Work required:
Only the lines below from the one containing "박지훈의 첫 솔로 미니앨범" through the one containing "1. Appuyez sur" belong in the answer, repeated exactly and without pictures.

*** Opening Dataset entries ***

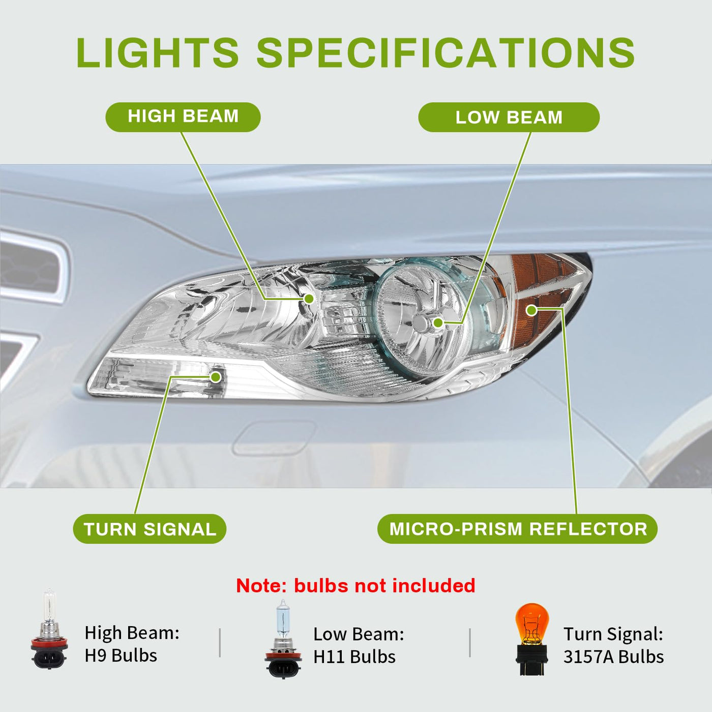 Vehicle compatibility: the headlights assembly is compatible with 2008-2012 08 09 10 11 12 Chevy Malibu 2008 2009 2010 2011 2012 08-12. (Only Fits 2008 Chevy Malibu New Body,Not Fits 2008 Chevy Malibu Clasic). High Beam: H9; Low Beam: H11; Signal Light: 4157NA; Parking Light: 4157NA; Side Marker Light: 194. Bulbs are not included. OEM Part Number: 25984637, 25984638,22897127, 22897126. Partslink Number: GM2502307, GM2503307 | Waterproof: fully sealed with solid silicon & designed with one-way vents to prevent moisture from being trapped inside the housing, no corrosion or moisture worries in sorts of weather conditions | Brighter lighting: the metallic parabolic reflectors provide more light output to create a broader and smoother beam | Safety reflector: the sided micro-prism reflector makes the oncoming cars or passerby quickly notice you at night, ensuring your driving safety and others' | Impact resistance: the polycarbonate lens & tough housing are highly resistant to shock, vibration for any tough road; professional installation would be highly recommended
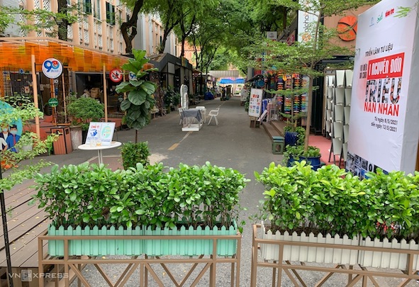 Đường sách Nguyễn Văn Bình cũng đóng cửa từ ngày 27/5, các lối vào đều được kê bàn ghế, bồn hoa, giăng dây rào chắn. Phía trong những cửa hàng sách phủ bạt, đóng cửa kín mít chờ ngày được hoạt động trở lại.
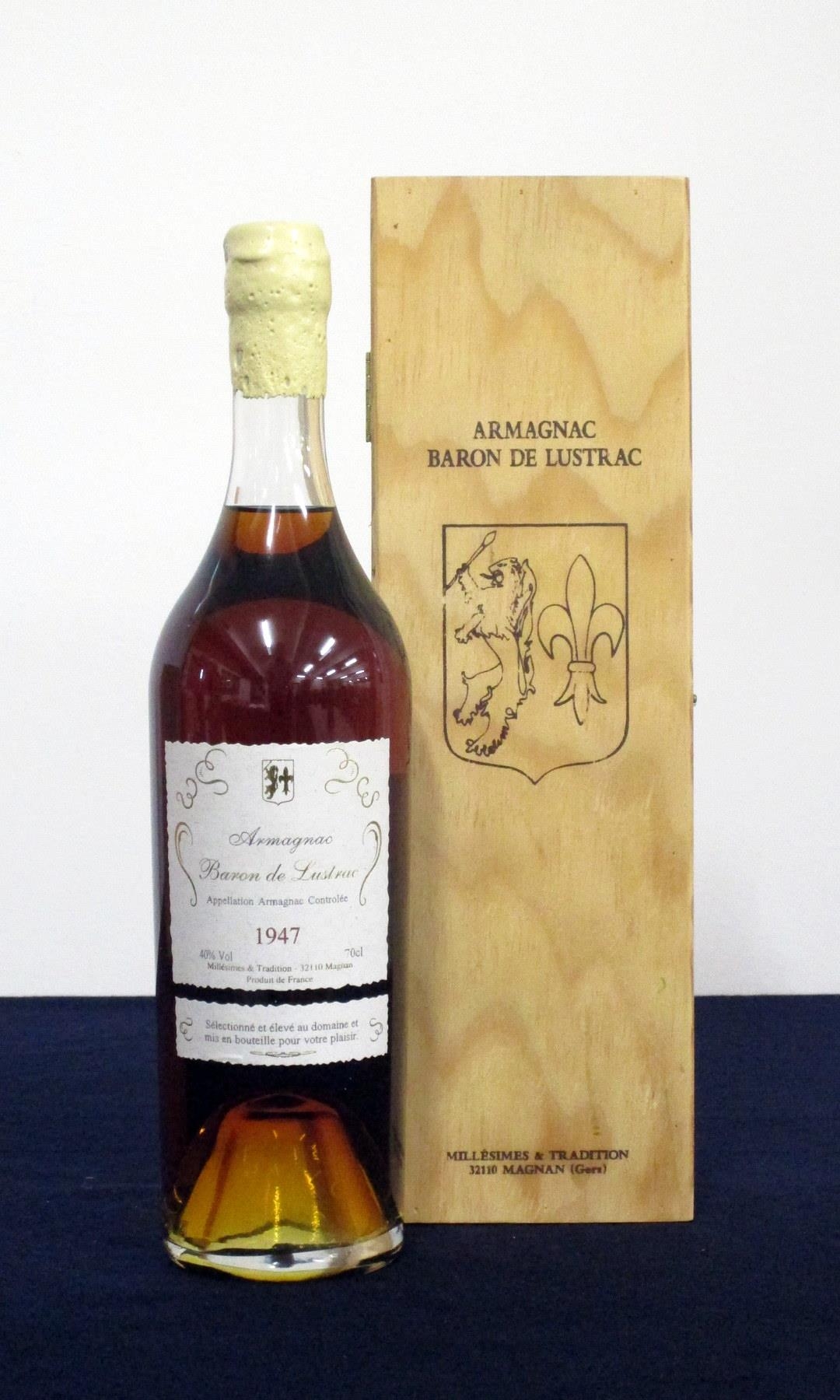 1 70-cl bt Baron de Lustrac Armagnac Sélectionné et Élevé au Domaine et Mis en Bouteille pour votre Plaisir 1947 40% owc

*** Closing Dataset entries ***
*** Opening Dataset entries ***

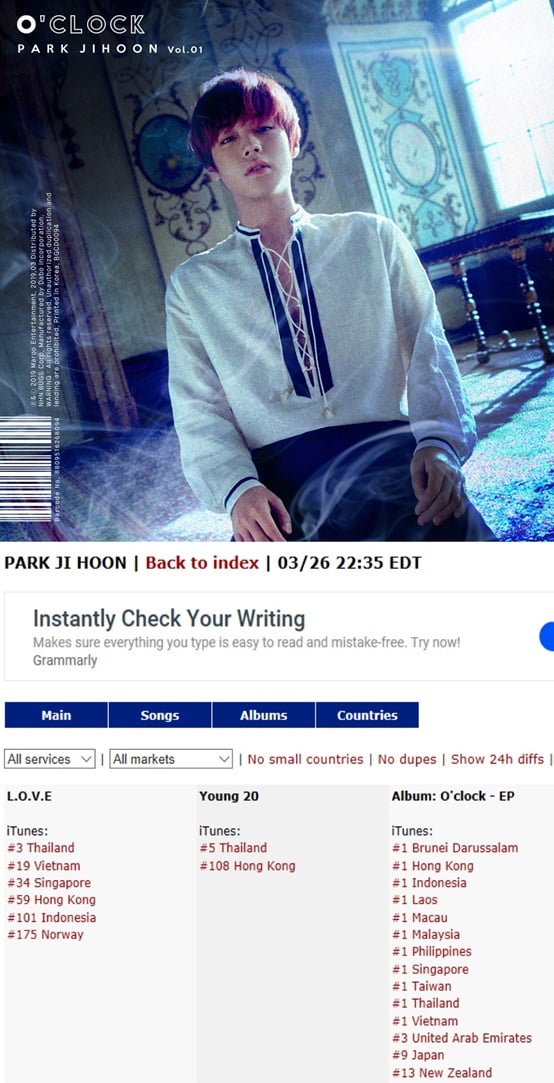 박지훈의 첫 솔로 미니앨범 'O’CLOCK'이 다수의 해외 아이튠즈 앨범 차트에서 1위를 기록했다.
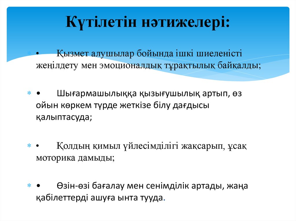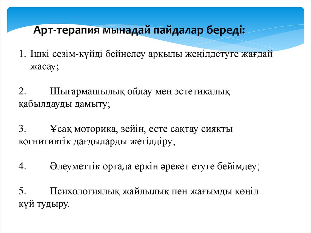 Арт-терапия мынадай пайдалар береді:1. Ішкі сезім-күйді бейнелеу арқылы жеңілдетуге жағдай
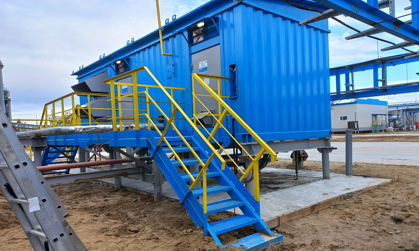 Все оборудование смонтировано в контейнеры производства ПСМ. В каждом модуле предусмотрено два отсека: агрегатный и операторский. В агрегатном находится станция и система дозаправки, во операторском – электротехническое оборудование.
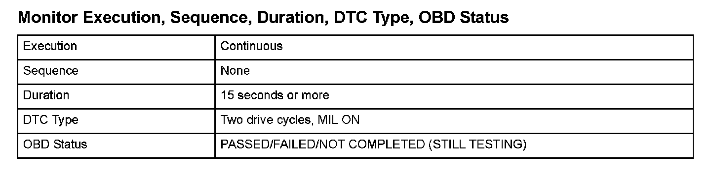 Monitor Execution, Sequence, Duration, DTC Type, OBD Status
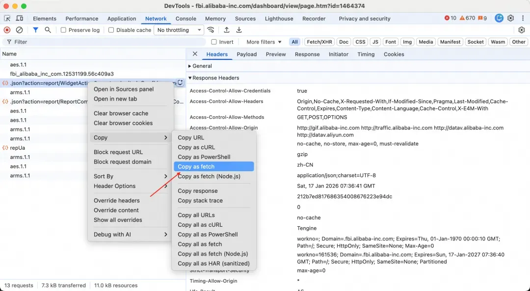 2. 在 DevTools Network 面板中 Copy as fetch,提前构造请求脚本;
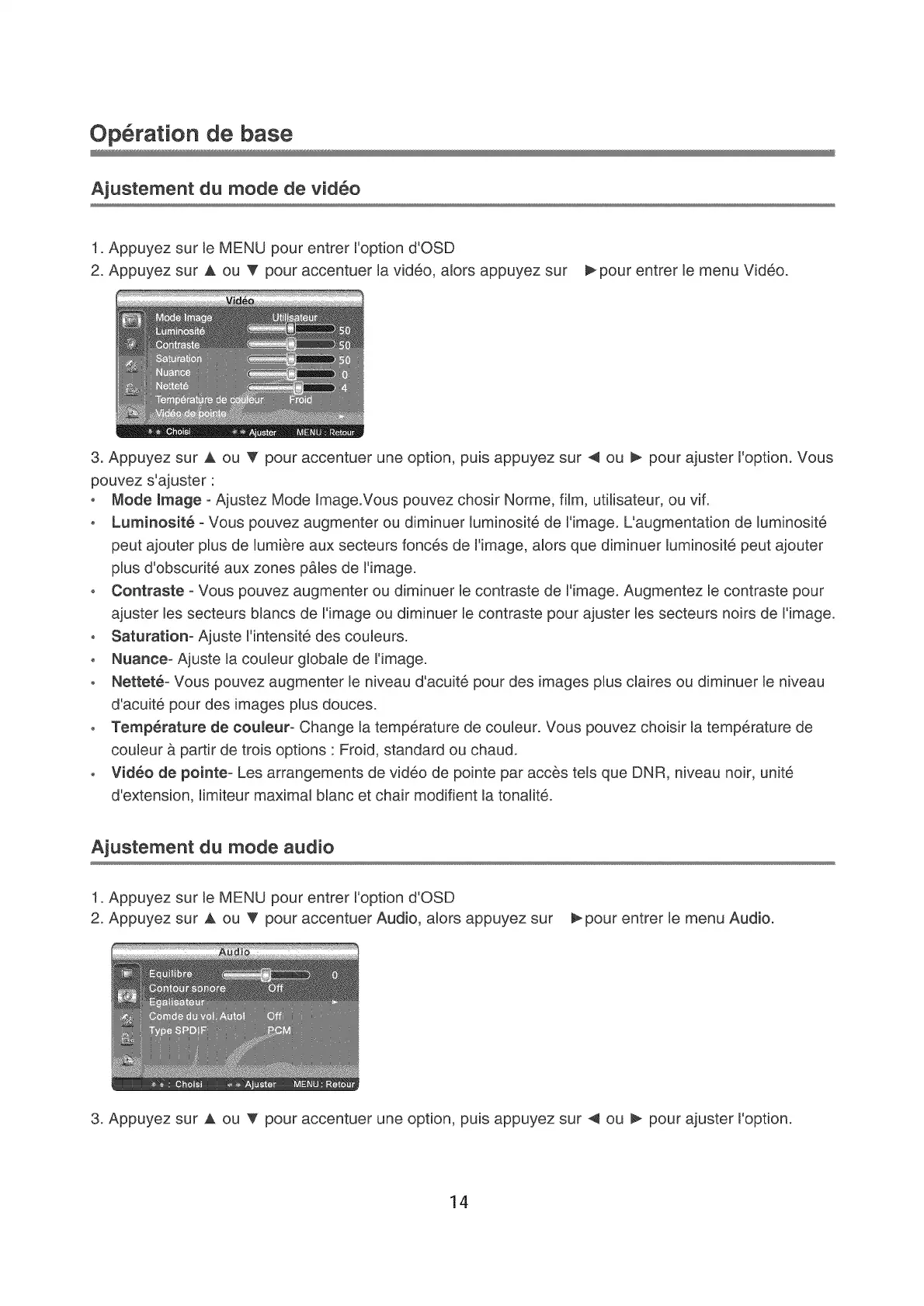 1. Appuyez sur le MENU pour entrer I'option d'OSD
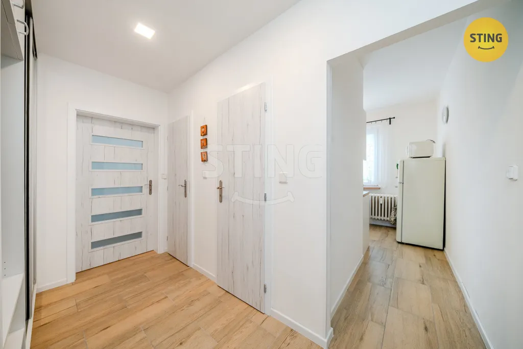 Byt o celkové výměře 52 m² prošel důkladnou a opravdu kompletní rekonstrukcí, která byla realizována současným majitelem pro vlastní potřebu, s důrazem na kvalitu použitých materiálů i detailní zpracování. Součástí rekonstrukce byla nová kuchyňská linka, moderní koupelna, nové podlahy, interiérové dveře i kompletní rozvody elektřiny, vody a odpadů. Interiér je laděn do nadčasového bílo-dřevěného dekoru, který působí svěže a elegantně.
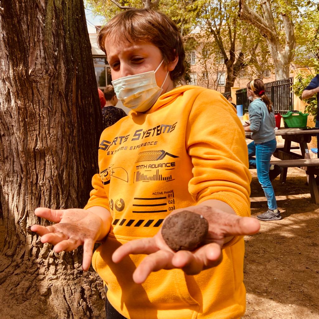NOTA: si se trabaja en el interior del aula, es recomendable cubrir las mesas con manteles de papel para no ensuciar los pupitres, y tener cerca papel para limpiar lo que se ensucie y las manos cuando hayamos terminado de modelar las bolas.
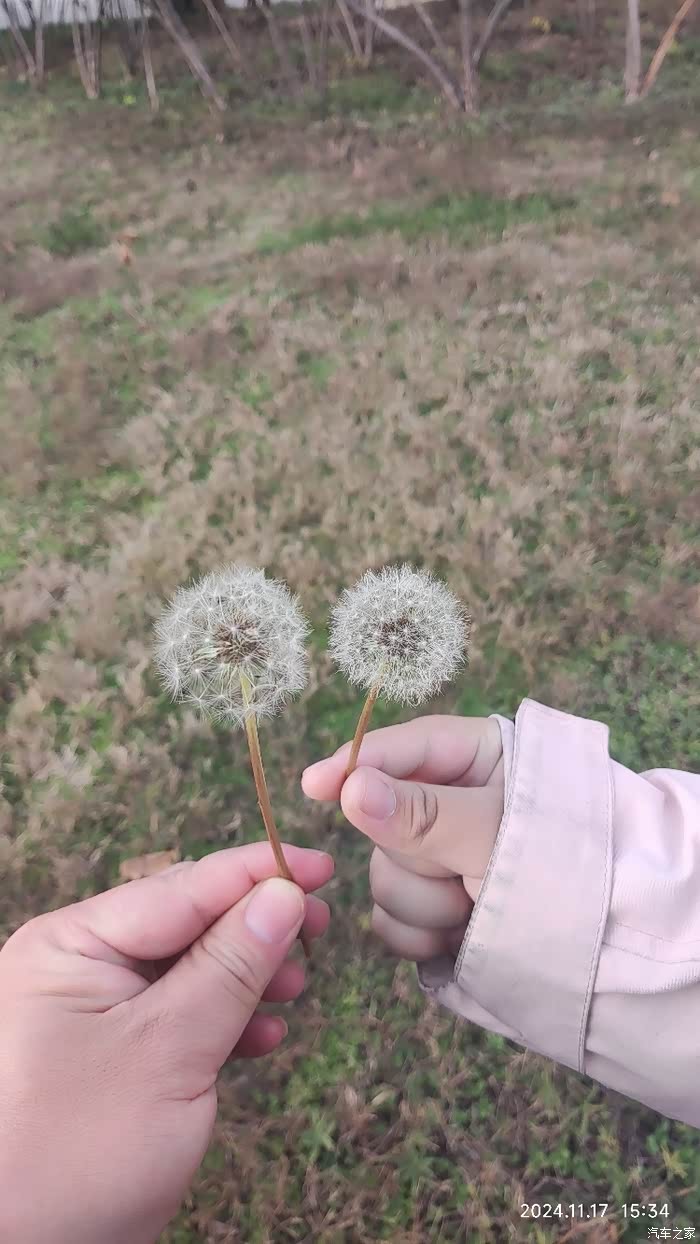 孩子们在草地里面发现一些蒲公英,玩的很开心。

*** Closing Dataset entries ***

Answer:
 박지훈의 첫 솔로 미니앨범 'O’CLOCK'이 다수의 해외 아이튠즈 앨범 차트에서 1위를 기록했다.
 Арт-терапия мынадай пайдалар береді:1. Ішкі сезім-күйді бейнелеу арқылы жеңілдетуге жағдай
 Все оборудование смонтировано в контейнеры производства ПСМ. В каждом модуле предусмотрено два отсека: агрегатный и операторский. В агрегатном находится станция и система дозаправки, во операторском – электротехническое оборудование.
 Monitor Execution, Sequence, Duration, DTC Type, OBD Status
 2. 在 DevTools Network 面板中 Copy as fetch,提前构造请求脚本;
 1. Appuyez sur le MENU pour entrer I'option d'OSD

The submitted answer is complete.